Consider the local ring $$R=\mathbb C [[x,y,z]]/(xy, yz)$$. My question is: Does there exist a non-free finitely generated $$R$$-module $$M$$ of finite projective dimension such that $$M_P$$ is $$R_P$$-free for every non-maximal prime ideal $$P$$ of $$R$$?

Thoughts: I think $$R$$ has dimension $$2$$ and depth $$1$$. Moreover, I believe $$R_P$$ is regular local every non-maximal prime ideal $$P$$ of $$R$$. I still have no idea how to construct a module as in the question.

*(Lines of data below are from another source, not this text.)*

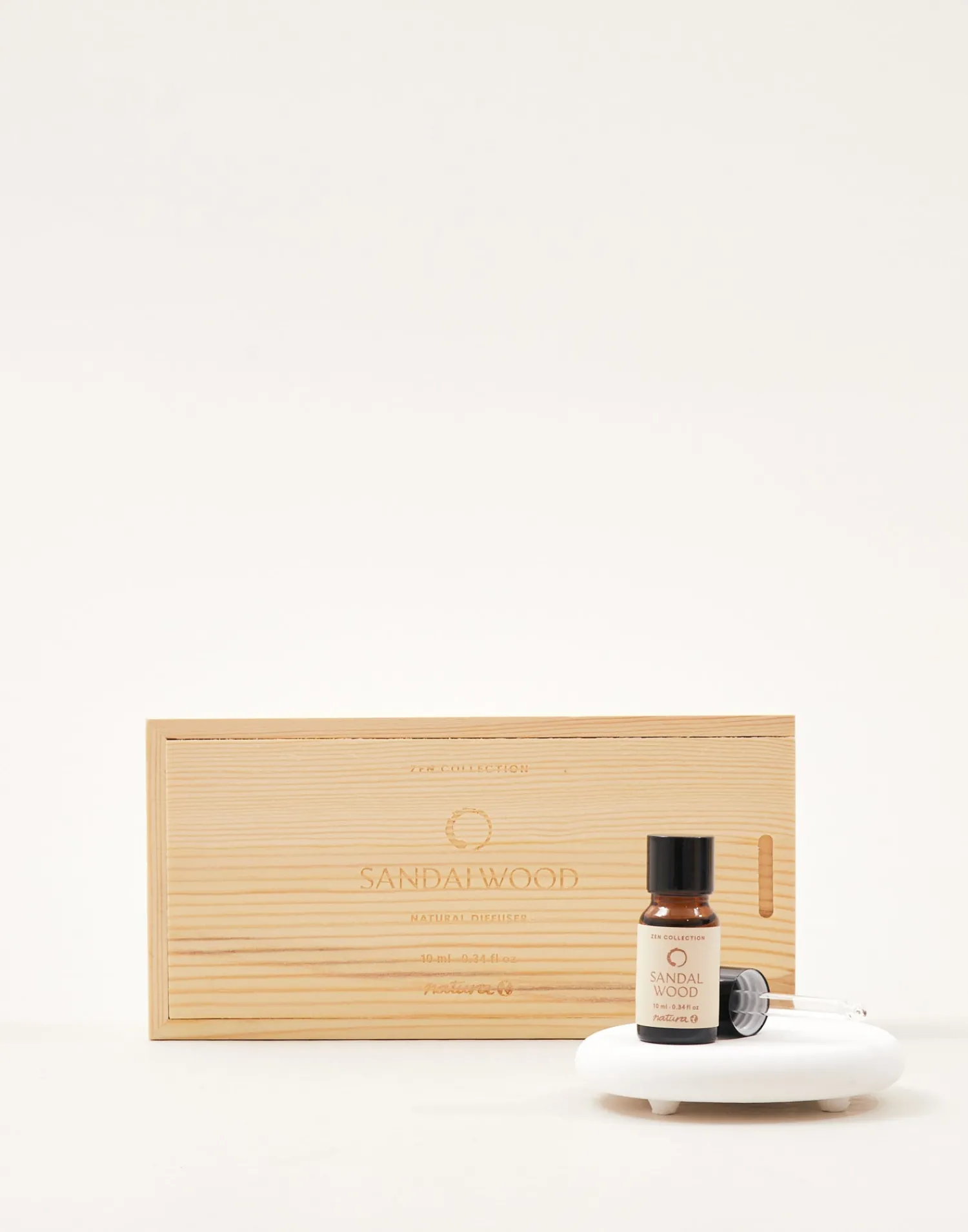 Set ambientador compuesto por difusor de piedra cerámica y aceite esencial con gotero de 10 ml.
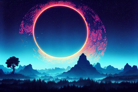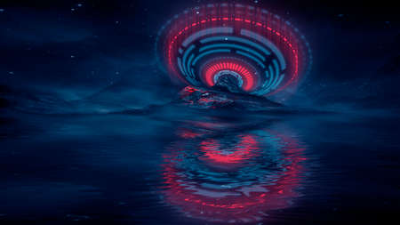 Neon landscape, night view. Futuristic fantasy night landscape with abstract landscape and island, moonlight, radiance, moon, neon. Dark natural scene with light reflection in water. Neon space galaxy portal.
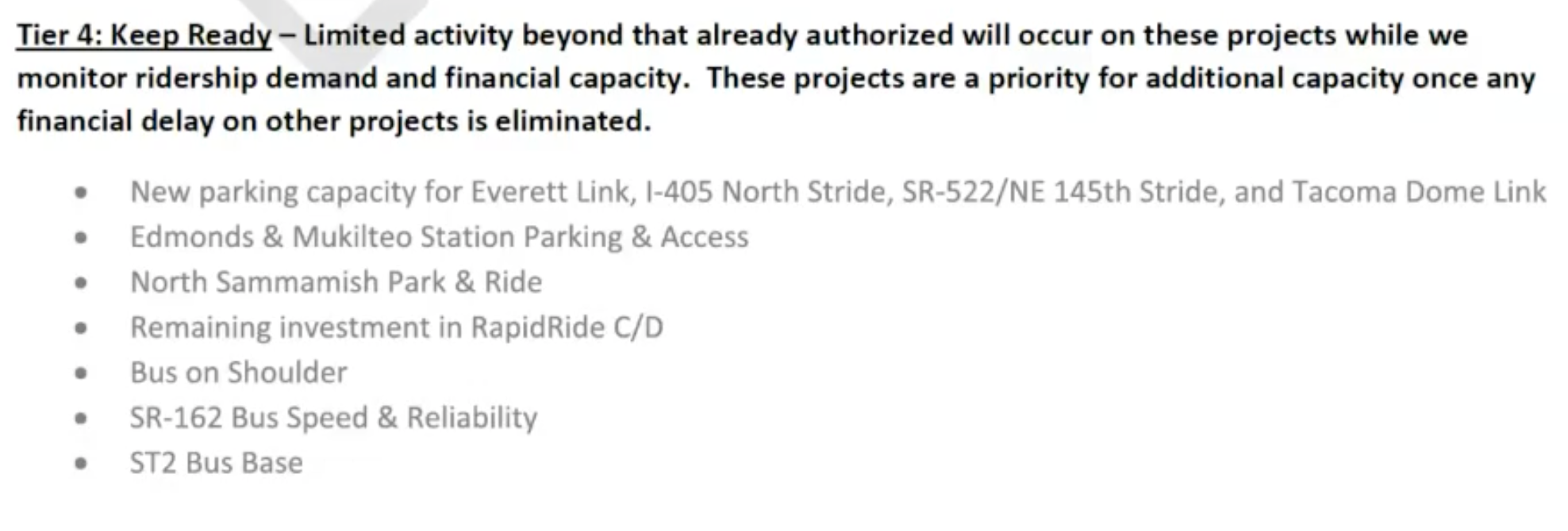 For the tiers, the draft resolution has yet to solidify projects that will be chosen. An example shared with the board, however, did use Scenario 3 projects to show how things could stack up. Tier 1 projects would be classified as “develop” allowing for completion of environmental review, design, and right-of-way acquisition. Authorization of baselining and construction would still need to be approved by the board before those actions could occur. Tier 2 projects would be classified as “prepare and plan” and also for environmental review so that they can be shovel-ready, but other actions like design and right-of-way acquisition would be more gated. As for Tier 3 projects, these would be classified as “plan” allowing only for environmental review; other actions would remain on hold. Then for Tier 4 projects, they’d be on hold for the time being and placed in a “keep ready” classification.King County boardmembers offer stark critiques
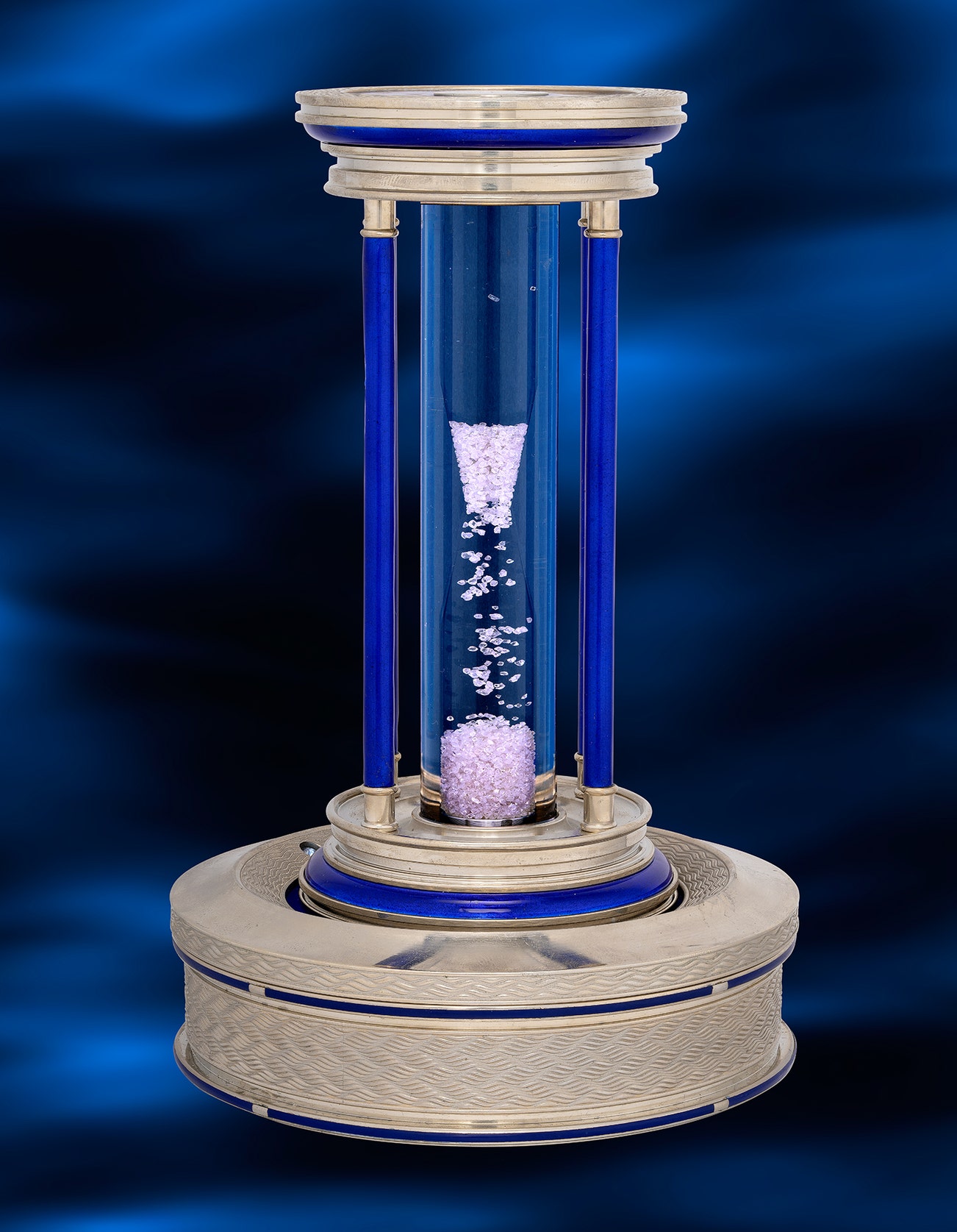 - The present example is a limited edition of 500 pieces, featuring a silver case and an illuminated stand adorned with delicate engravings and exquisite blue enamel. The hourglass contains over 2,000 loose diamonds, measuring a 10-minute interval. It is sure to evoke immense delight as one watches the shimmering diamonds float gracefully through the hourglass, illuminated by the blue light.

• Since a free $M$ has all the properties, I presume you want $M$ to be non-free. Commented Apr 3, 2023 at 5:24
• @Mohan: Yes yes, I actually want $M$ to be non-free not just non-zero... essentially I kind of want a non-trivial vector bundle on punctured spectrum (but I guess Horrocks' kind of equivalence between vector bundles and modules might not actually work here as the ring has depth $1$)
– Alex
Commented Apr 3, 2023 at 8:01
• By Auslander-Buchsbaum any such $M$ has projective dimension $1$, i.e. is the cokernel of an injection of free modules $\varphi : R^n \hookrightarrow R^m$. If $n = 1$ and the entries of $\varphi$ generate the maximal ideal, then locally at any non-maximal prime $P$ one of the entries of $\varphi$ will be a unit, so $\varphi$ splits locally and $M_P$ will be free. The answer below is the simplest example of this with the least possible $m = 3$. Commented Apr 4, 2023 at 5:39

Take $$M$$ to be the quotient, $$0\to R\stackrel{(x,y,z)}{\to} R^3\to M\to 0$$.